Aide: Obama won’t ‘tear up the Constitution’
President Obama’s executive actions on immigration reform won’t “tear up the Constitution,” White House communications director Jen Palmieri insisted Thursday amid criticism the president was poised to move in ways he had previously argued were unconstitutional.
{mosads}“The president was right — he’s not a king,” Palmieri said during an interview with MSNBC. “He can’t just pick up the piece of legislation that the advocates and he were pushing for and implement that. So what he has done is asked the Justice Department and Homeland Security to look into see what he can do legally. And those are the actions that he’s going to take.”
Republicans have seized on the president’s repeated insistence that his abilities to address immigration reform are limited to argue that he will be overstepping his authority when he announces his executive actions in a prime-time address Thursday night.
Obama is expected to unveil a program that allows millions of illegal immigrants who have been in the country for at least 5 years and have familial ties to U.S. citizens and no criminal record to defer deportations and receive a work permit. The president is also expected to broaden eligibility for a program for illegal immigrants brought to the United States as children, and expand the number of visas issues to skilled high-tech workers and their families.

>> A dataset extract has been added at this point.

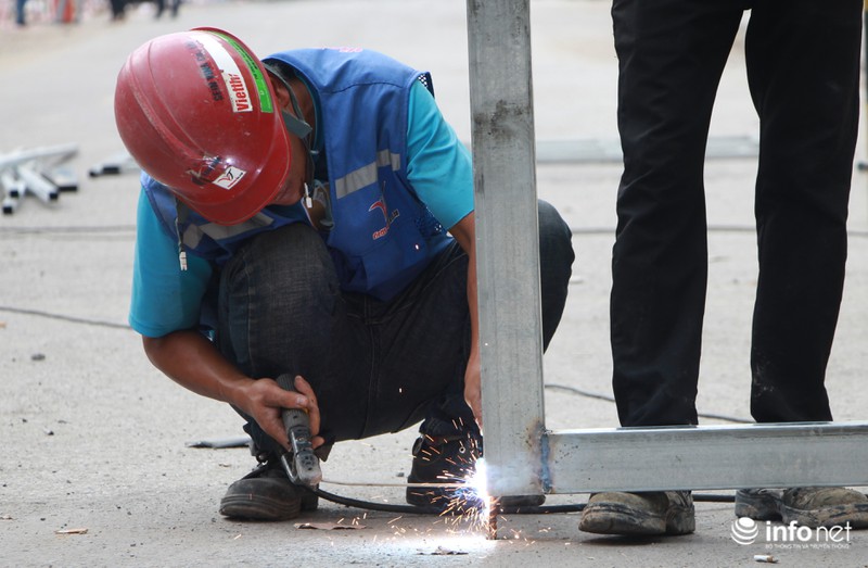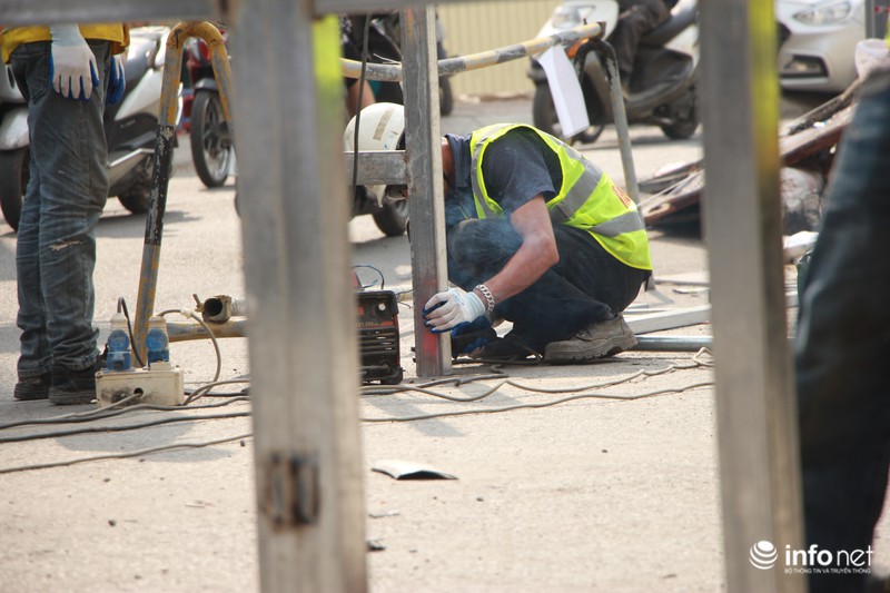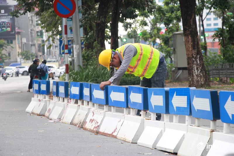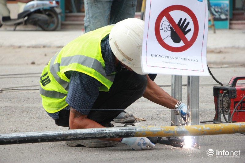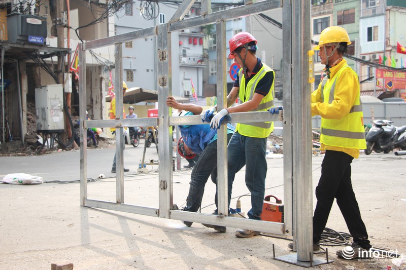 Một số hình ảnh các công nhân đang lập rào chắn tại đường Quốc Tử Giám:

In 2012, Obama said he had “done everything that I can on my own” to address immigration. And a year later, he said “broadening” the deferred action program would mean “essentially I would be ignoring the law in a way that I think would be very difficult to defend legally” and was “not an option.”
“If ‘Emperor Obama’ ignores the American people and announces an amnesty plan that he himself has said over and over again exceeds his Constitutional authority, he will cement his legacy of lawlessness and ruin the chances for Congressional action on this issue — and many others,” Speaker John Boehner’s (R-Ohio) spokesman Michael Steel said in a statement.
But Palmieri said the White House would provide “all the legal justification to show” that the president’s actions were legal and said the executive order “doesn’t tear up the Constitution.”
“We’re not concerned about that,” she said. “The president will announce what he’s doing tonight and will explain, and people can look at the legal justification and make that determination.”
She added that Congress had “free will” to act on its own, and that the White House would welcome a legislative solution.
“This is not the way we want to proceed,” she said. “It’s not solving the problem permanently.”